Такого героя, как Лужин, до сих пор не было в литературе. Человек, скрывающийся от мира Божьего в мире шахмат, уничтоженный для мира суетного, в некотором роде монах шахматного монастыря. Мало того — игумен. Безумие шахматиста, всюду видящего только ходы королей, ферзей, пешек, слонов, ладей и коней: «Каменные столбы с урнами, стоявшие на четырёх углах садовой площадки, угрожали друг другу по диагонали». Или во время разговора с невестой Лужин «сидел, опираясь на трость, и думал о том, что этой липой, стоящей на озарённом скате, можно, ходом коня, взять вон тот телеграфный столб, и одновременно старался вспомнить, о чём именно он сейчас говорил».

Это безумие сродни помешательству художника, видящего мир в иных формах и красках, писателя, живущего жизнью своих героев, а не своей, музыканта, который слышит мелодию там, где для всех остальных молчание или какофония.

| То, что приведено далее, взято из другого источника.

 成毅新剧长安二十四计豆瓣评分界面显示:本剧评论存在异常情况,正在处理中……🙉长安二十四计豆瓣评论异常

У Лужина на протяжении всего романа даже нет имени, только условная фамилия. Он может быть Ферзеславом Шахматеевичем, Цейтнотом Рокировичем, но даже это не его сущность, и у человека, чья истинная жизнь протекает в бездонной многовариантности игры, у человека, спасающегося от всемирного потопа в ящике с шахматами, как в ветхозаветном ковчеге, не может быть имени. Оно появляется в первый и последний раз в самом финале романа и только тогда, когда Лужин погибает. Как человек-невидимка, он вновь обретает свою форму, свои очертания, свою видимость, лишь сделавшись мёртвым. И это имя нужно теперь лишь для написания его на могильной плите: «Александр Иванович Лужин».

«Он глянул вниз. Там шло какое-то торопливое подготовление: собирались, выравнивались отражения окон, вся бездна распадалась на бледные и тёмные квадраты, и в тот миг, что Лужин разжал руки, в тот миг, что хлынул в рот стремительный ледяной воздух, он увидел, какая именно вечность угодливо и неумолимо раскинулась перед ним...

Дверь выбили.

— Александр Иванович, Александр Иванович! — заревело несколько голосов. Но никакого Александра Ивановича не было». Таковы последние слова романа «Защита Лужина».  

Фирменный приём, использованный Набоковым, впоследствии применит Габриэль Гарсия Маркес в «Осени патриарха», где главный герой лишь однажды получает имя и сам заново узнаёт о нём, когда, дожив до склероза, засовывает записочки в отклеивающиеся обои и в одной из таких напоминалок читает: «Меня зовут Сакариас».

Мир старался уловить шахматомана, увести от 64-клеточного заболевания, но у него не было жизни без древней игры, в которую чем больше погружаешься, тем она становится сложнее и сильнее засасывает в себя, как в пучину. Главная и страшная тайна героя по фамилии Лужин в том, что он неизлечим, хотя и делает попытку вылечиться. Встретил женщину, на которой намеревается жениться. Вот оно, казалось бы, спасение!  Но это как с пьяницей, который проклинает алкоголь, удивляется тому, что люди вообще его употребляют, но всё лишь до тех пор, пока не увидит, как заманчиво поблёскивает и побулькивает пьянящая жидкость, перетекая из горлышка бутылки в стакан.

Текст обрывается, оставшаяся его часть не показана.